On Remarriage

by | Feb 20, 2011 | 2 comments

I am not interested.

It’s one of the paradoxes of grief that you can’t imagine being alone the rest of your life, but you also can not imagine being with anyone else.

How do you go from waiting for your soulmate patiently- swearing faithfulness, fighting through the most difficult times, to thinking about marrying someone else?

And yet this is what is usually expected of a young widow.  I hear from others in the “club” that they are told, “You’re young- you’ll marry again…” or “When are you taking off your ring?”  My favorite response to that from a fellow widow, “When I feel like I’m not married anymore.”

Everyone wants to “fix” this.  No one wants to know, truly know, the pain that I know.  I understand this.

I made up rules in my head, to which one of your friends told me online it sounded almost funny: “…probably wear my ring for three years…”  He asks me something like if I would ever think about settling for Audrey’s sake or for security…I tell him I’d feel sorry for the guy.  It wouldn’t be fair.
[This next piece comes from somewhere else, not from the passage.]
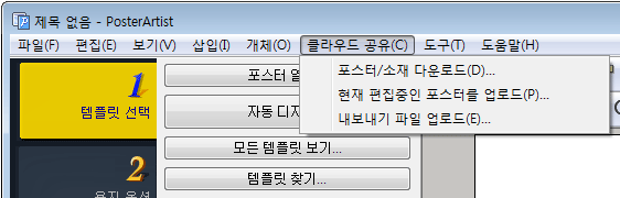 1. [클라우드 공유] 메뉴에서 [현재 편집 중인 포스터 업로드]를 선택합니다.

I laughed with another young widow over the list of qualifications I’d come up with if it was even possible to consider another man:

a) Must have known Dan because Dan was so unique and will always be so important in my life
b) Must be a widower- to understand the depth of the pain one experiences- anyone who has not been through some kind of trauma/loss seems kind of shallow after this.
c) Must be a lot younger so that I don’t have to suffer through this kind of loss again…once in a lifetime is enough for me, thanks.

See? It’s all quite ridiculous.

Another paradox- I’d love for Audrey to have a father-figure in her life- but can’t imagine that figure not being you.  That thought only brings me pain.

We had that conversation- you and I, lying in bed one night- I think the same time we talked about burials and bagpipes…”I’d want you to remarry…” we both said.  But we didn’t know you’d die at 33.

Who then, could possibly follow you?

You asked me all the time as I pleaded that we could start trying for a second child, “How could we love another child as much as Audrey?  Isn’t she enough?”   I told you we had more love- but children are different than husbands.  Getting pregnant again after a miscarriage really did help me heal.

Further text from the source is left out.